I can try to scratch away the sound in my ears       

The clip after the lyrics end reverberated deeply with me; the melancholy of the scenery, the association of muted sound through snow, the isolation from the outside world through headphones, the nostalgia for the intensity of experiencing myself.

I want to know everything, I want to be everywhere        

The cropped image of the round record adds to my anxiety of, on the one hand, missing words and sound, and, on the other, involuntarily being manipulated by them.

nothing can stop me now         

The final stop of the turning and turning and turning of the record player visualizing the title of the video so well invokes an almost physical relief to get off the spiral, "out of this merry-go-round."

[…]           

Every new scene conjures up memories from my youth, of other films, of other music…

need you, dream you           

I notice some similarities between Johannes' video and my own, and I wonder to what extent I unintentionally responded to my own text as well as Gregory Brophy's, if I accidentally put myself on this spiral, or if this project created some transcendent connection between all texts and videos overlapping and interfering with one another.

I now know the depths I reach are limitless            

The texture of the soundscape becomes palpable after the music is turned off and the atmospheric hissing contrasts the silence as complete absence of sound.

the deepest shade of mushroom blue             

The synchronization between the last clip and the sound snaps me out of this hypnotic moment with its audible click.
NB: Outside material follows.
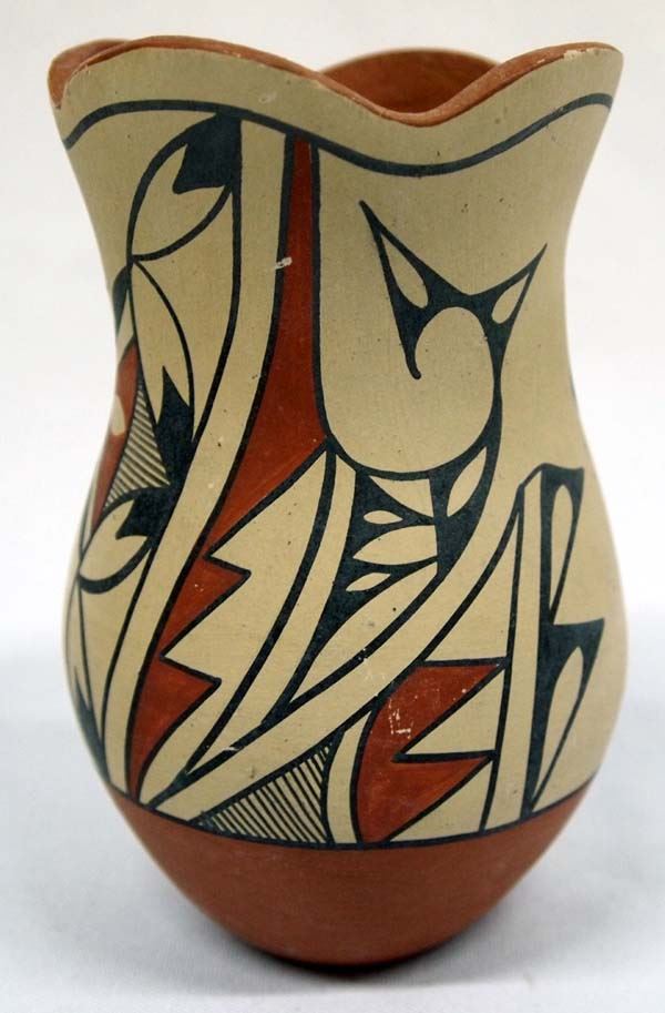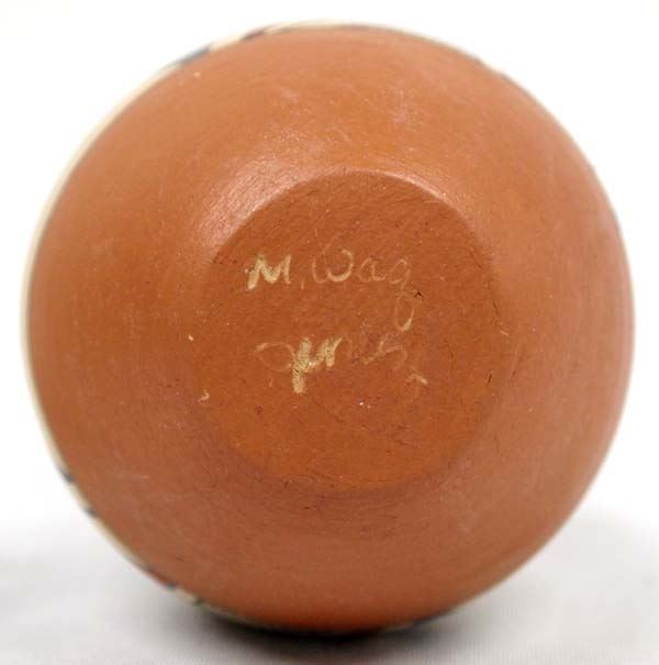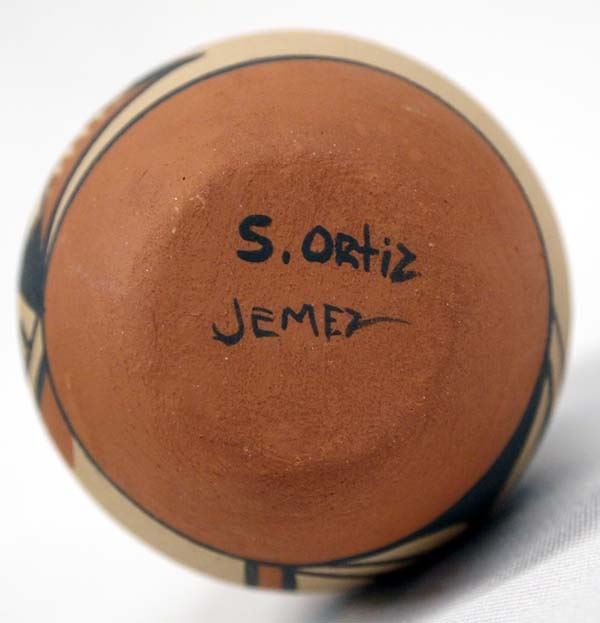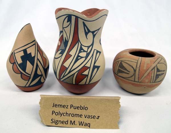 3 Native American Jemez New Mexico Pueblo Pottery Jars, largest measures 3.5'' x 6'', one by A. Loretto, one by M. Waquiu, and the other by S. Ortiz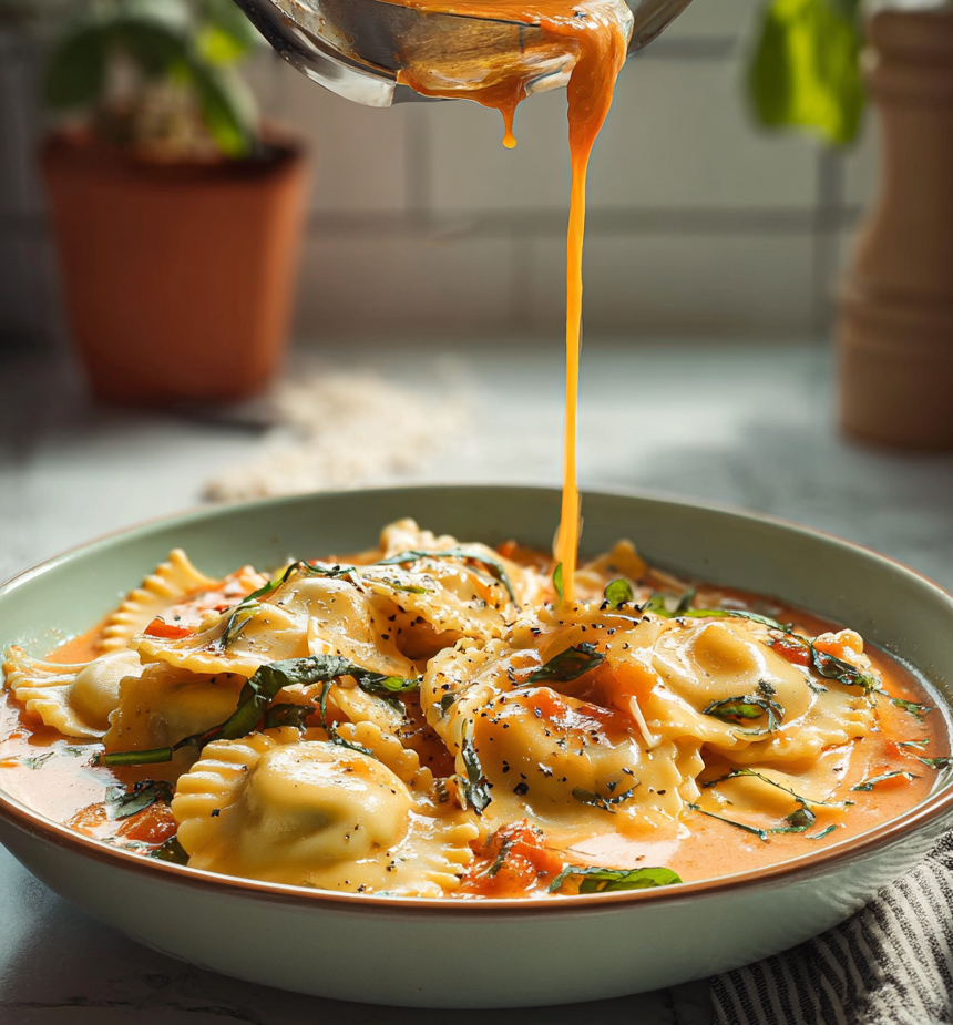 Indulge in a comforting bowl of Creamy Tuscan Ravioli Soup, where velvety heavy cream meets tender ravioli, fresh spinach, and tangy sun-dried tomatoes. This delightful dish captures the essence of Italian cuisine, making it perfect for chilly evenings or family gatherings. With rich flavors and a warm aroma, each spoonful transports you to Tuscany, creating cherished moments around the table.

beneath the stain of time, the feeling disappears              

And what I feel is a distant echo of the emotional aftermath of watching the film. "You stand there, waiting for the rush of exhilaration. But it doesn't come."

Biography

Maria Hofmann is a film scholar and video essayist. She holds a PhD in German and Moving Image studies. Her research focuses on contemporary documentary film, videographic criticism, horror film, and Austrian studies, and has been published in [in]Transition, Studies in Documentary Film, and Austrian Studies, among others. Her video essay "Beyond the Screen #nofilter" was screened at the Adelio Ferrero film festival where it received the award for best video essay in 2018.